Your marriage will never work out even if she did come back.

Want to know why?

Its pretty simple.

You aren't changing yourself for you.

Everything you do is in hopes she notices so you can "get her back".

What happens if she does?

Think you're ready to deal with everything?

Are you currently strong enough to stand up for yourself and your beliefs?

Can you say "okay this isn't working" and walk away from it all?

No.

You aren't.


----------



## Dewayne76 (Sep 26, 2012)

No, the changes ARE for me. I believe I can do both. I guess I was just thinking about if people wake up very often and realize they fked up. 

I would love to have my old wife back, but she may be gone forever, I understand that. Maybe I'm just scared to get into these situations that so many others are in that's around me. There's literally a handful of people that have had this very same thing happen, 1 to 3 years later, they're back and now there's trouble because they (abandoned spouses) have g/f's or wife's and now they're being pulled. 

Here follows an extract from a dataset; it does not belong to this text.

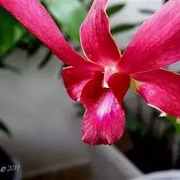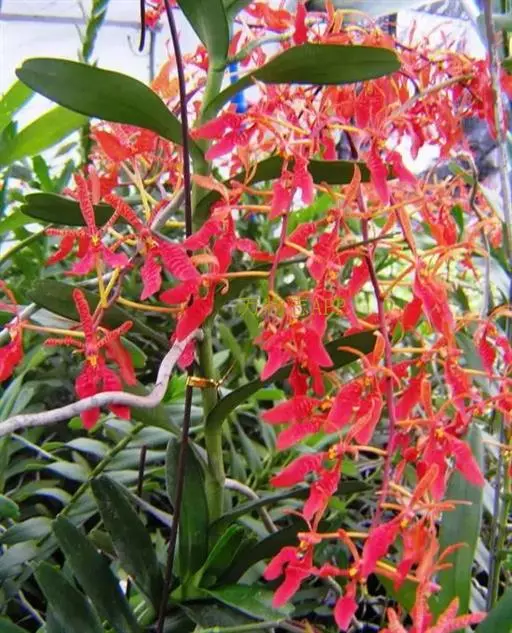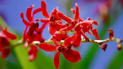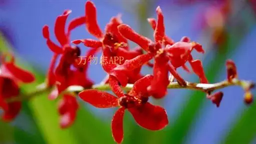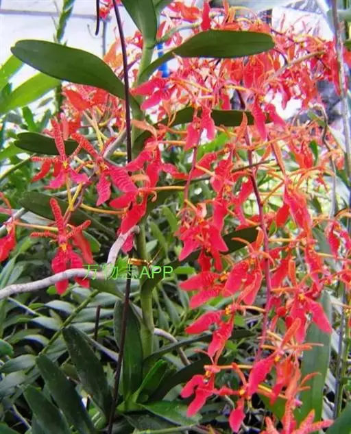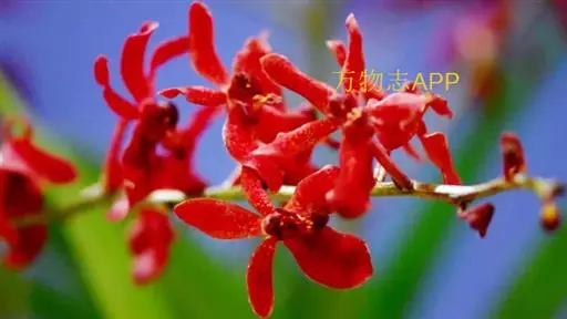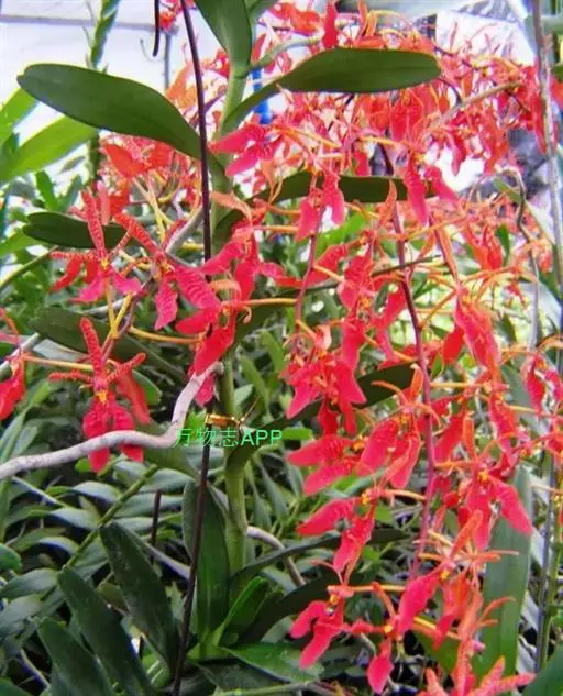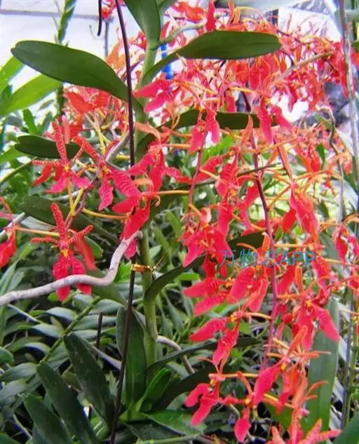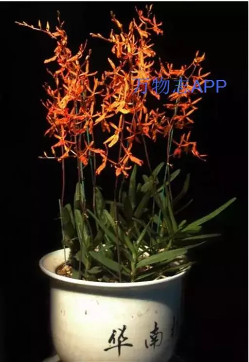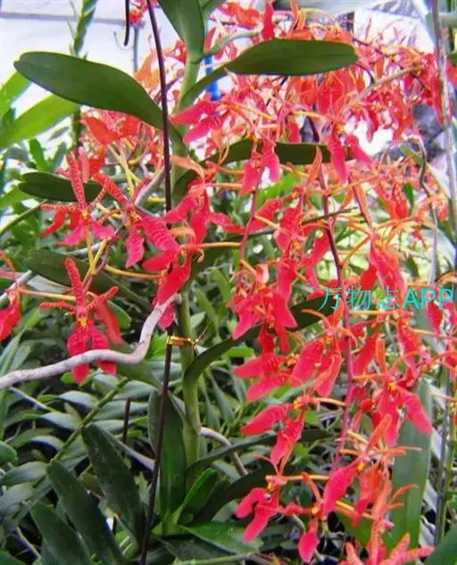 麒麟火焰兰 麒麟火焰兰,株型直立,叶带形、绿色、质硬;花色橙红,带鲜红色的斑点;花葶直径约3.0毫米,长可达43厘米以上,分枝数0—4个,主枝着生花朵数可达16—20朵,总花朵数可达25朵以上,花朵长约5.0厘米、宽约6.0厘米。在广州地区简易大棚栽培2月底到3月初开花,花期长可达2—3个月,表现出较强的耐热性、耐冷性以及抗病性。

Ironically, one of my close friends now is one of those. His wife kicked him out of the house and asked for Divorce while he was helping with the Haunt. I mean he had to pack and leave. While he was waiting for papers, his OTHER love, the original one, that did the same crap my wife is doing now, had come back to town for him, only to find out he's married now. BUUUUTT ... he just got thrown out. Which, days after he talked to his ex, his wife is wanting to try and work things out. So now he's being pulled in 3 -4 different directions> his wife went crazy and blamed things on him that he didn't do, argued quite a bit, but now wants to cancel D and work things out. . . So he's like WTF do I do?

Maybe I'm looking into the other's situation more than I should.

I didn't mean to sound like I didn't care about the kid. I DO! Jordan is my life. It's so hard trying to stay "Dark" when my kid is involved. I feel her slipping away (she's 3 and smart) and I DO NOT want that to happen. i'm trying to keep myself out of the "funk" mood, that's all.


----------